# Shadowcast 18 vs SUV 17



## hapm23 (Apr 18, 2016)

Hi, I'm in the process of getting a skiff and I have narrowed it down to two the Ankona SC 18 (30HP) and the SUV 17 (40HP). I did a demo for the SC18, today and loved it. The one I demo had a tiller and I think I'll be happier with a mini center console. Both my wife and I went for the demo and her first reaction is "that's going to be an unstable boat" for me was "It's like kayak on steroids. I love it!" (I know it's nothing like a kayak but I've been doing nothing but kayak fishing, I don't mean to offend anyone with my comment). After Capt. Marcus Haralson, Ankona rep in Texas and customer, took me for a test drive it made me like it more. He allowed me to take it for a spin, which the tiller made it a whole different experience. It poled effortlessly even with nice strong winds. It took me a few minutes to get used to it but felt very comfortable. My wife stayed behind since we had our 6 month old baby with us. After we got back I asked the Capt to take my wife for a spin and she came back with a completely different attitude. Her comment was "WOW it's rally stable and fun". Capt Haralson was extremely helpful and when didn't know the answer to a question he straight out said that he would find out for me. I like to deal with honest people than with someone that will make stuff up just to make a sale.

Anyways, I got a bit side tracked, I live in the Corpus Christi area and I know the SC18 will be great for the area but I'm curious about how it will handle in big lakes as more of a freshwater boat since there's a big possibility that we will be moving to the San Antonio area in about a year or so.
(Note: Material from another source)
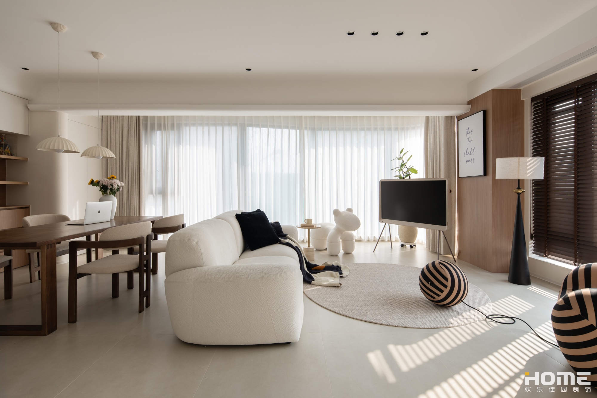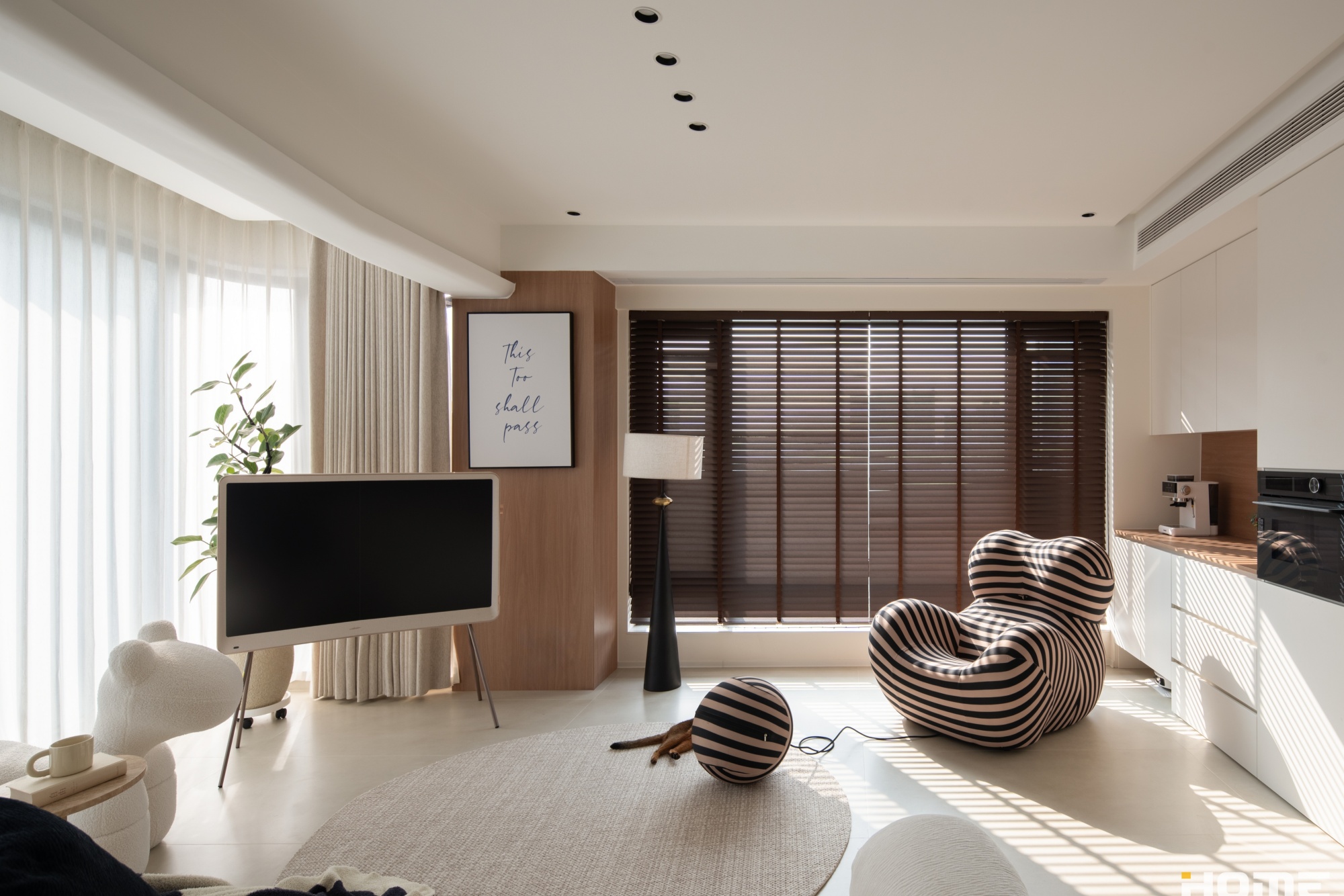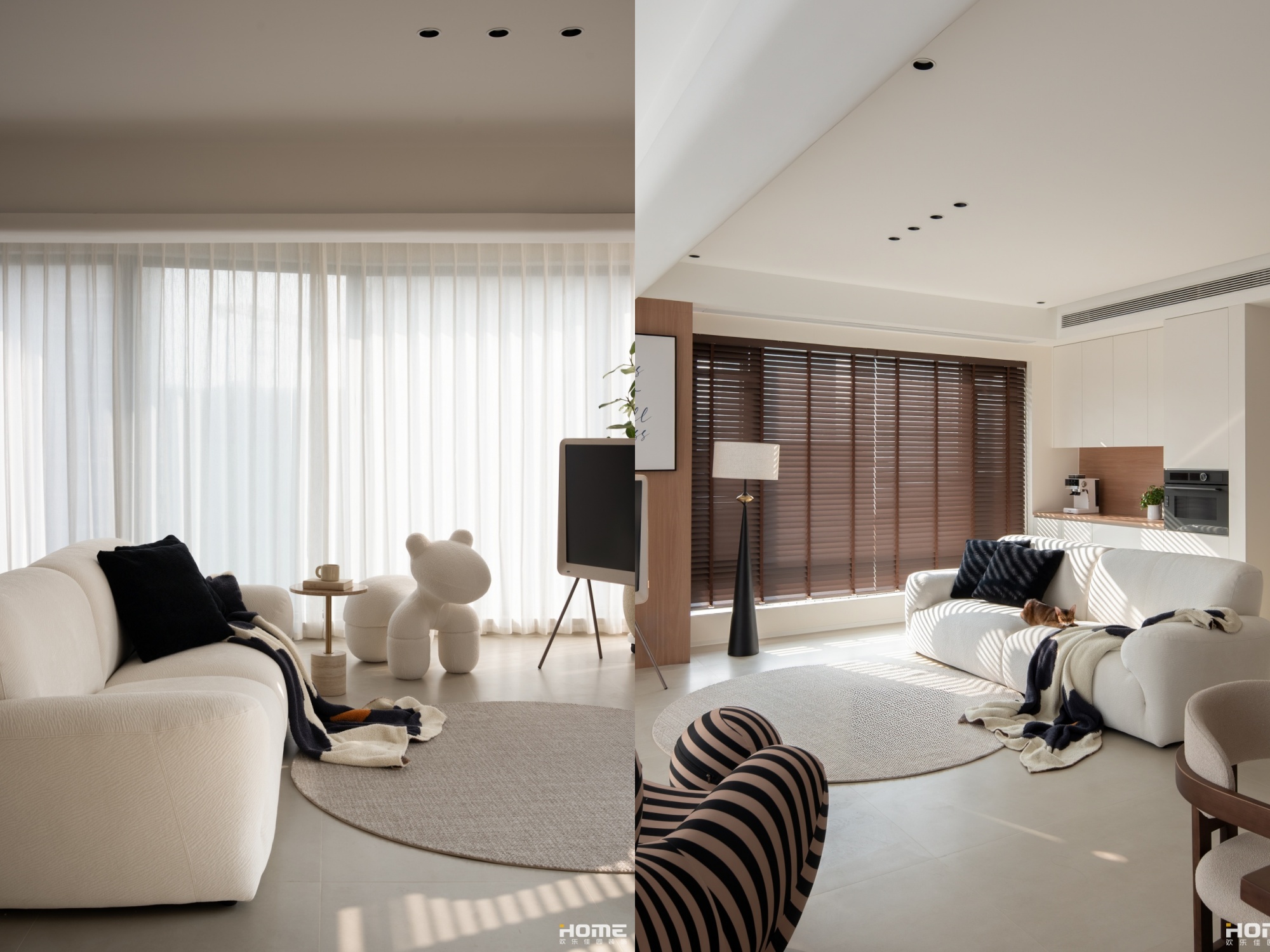 本案围绕“开放与联结”展开设计,开放式客餐厨设计,以流畅的动线打破隔阂,在扩大空间视野的同时,也赋予起居生活更多元的可能。开放式的布局不仅带来通透的视觉体验,更让家人之间的互动随时发生——烹饪、用餐、休闲、交谈,生活在同一个画面里自然流转。

Also, i have two other small children (6 and 7) that love to fish and was wondering if the SUV17 would be a better boat for my needs. I don't see more than 3 people at any point in the boat but maybe a few times a year. 
I talked to Erin in FL and she was nothing short of extremely helpful but i wanted to ask this forum to get customers point of view.

Thank you!


----------



## sjrobin (Jul 13, 2015)

The skiff should be US Coast Guard rated for three people max. Go ahead and demo the SUV 17 also if it is in your budget. Looks like you have a very young crew and you may not need a larger skiff at this time. You can go larger in a few years.


----------



## hapm23 (Apr 18, 2016)

Thank you, sjrobin! I really would like to demo the SUV17 but I don't know who would have one for a demo. The rep here doesn't have anything but the SC18. I've been thinking about what you mentioned and yes, the SC18 should work perfect for the size of my "crew" but I don't know if the SUV with that much more room to be worth the extra $. Also, if both boats would handle very similar I would stick with the SC18. Not knowing enough about the SUV makes it a bit though to make the decision. 

Thanks for the pointers!


----------



## Copperspoonfly (Oct 26, 2015)

Call the guys at Ankona. They could probably get you in touch with someone that has an SUV around Corpus.


----------



## rjackh90 (Jun 4, 2012)

My understanding is the SC18 is a better poling skiff but the suv can handle bigger water. And the SUV has some bow steer because of that sharp entry. It's just a trade off and depends what you plan to do the majority of the time.


----------



## rjackh90 (Jun 4, 2012)

And that is from a Microskiff review on the suv plus talking to a guy in tx that runs one.


----------